Tasting menus

Pete Wells will tell you, and show you, and talk about, what you get for $1500: a 20-course meal, with paired wines. Gael Greene has the play-by-play, including this:

Several tables have emptied even before the bacon. Foodists have to catch the train back to Dutchess County or find their way home to Tribeca. So I see many chocolate bon bons left behind.

Spending $1500 a head on a meal? That’s obscene. But spending $1500 a head on a meal and then heading home before it’s even over? Now that’s conspicuous consumption.

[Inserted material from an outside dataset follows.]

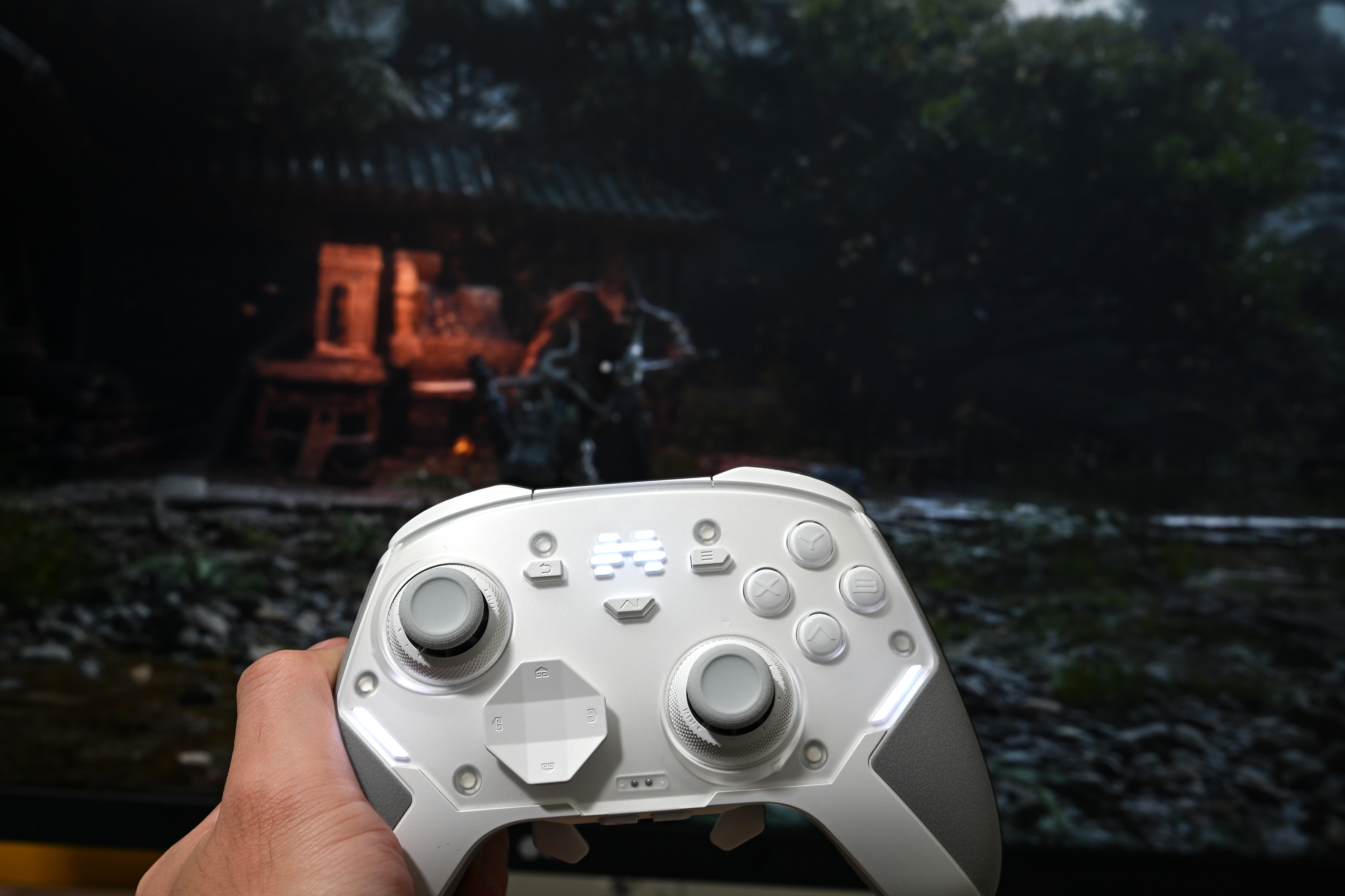 在《黑神话:悟空》这类动作角色扮演游戏中,光轴3.0按键触发迅捷,大幅提升完美闪避的成功率,配合可编程肩键与流畅摇杆,操作行云流水。双切震动扳机与双马达震动则进一步强化了游戏沉浸感。

But it’s also something I can understand. A huge multi-course tasting menu with paired wines is exhausting, and often not much fun. A great restaurant meal has to have great food, but it can’t be only about the food — it’s also about the guests enjoying — as opposed to simply being impressed by — the food. And when you’re concentrating on the molecular gastronomy, and the ever-changing wine pairings, especially at a meal which is billed in advance as being incredibly unique and special — well, then you lose a certain amount of fun.

I don’t think I ever want to have wine pairings again, they’re too distracting. For me, the best meal is one where I’m the happiest. Good food makes me happy, as does congenial atmosphere, and friendly servers, and great company, and, frankly, not eating in a shopping mall. This is good food, which made me very happy indeed.

While I’m as impressed as the next guy by auteurist pyrotechnics, I always get a whiff of self-congratulatory smugness, both from the chef and from the diners. And sometimes, as happened at one recent 20-course meal which started at 8pm and didn’t finish until 2 in the morning, the whole thing can become a chore. I think I’m the kind of person who cares more about the food than about the cooking. But ask me again in a couple of weeks, when I get back from Corton. I might have changed my mind.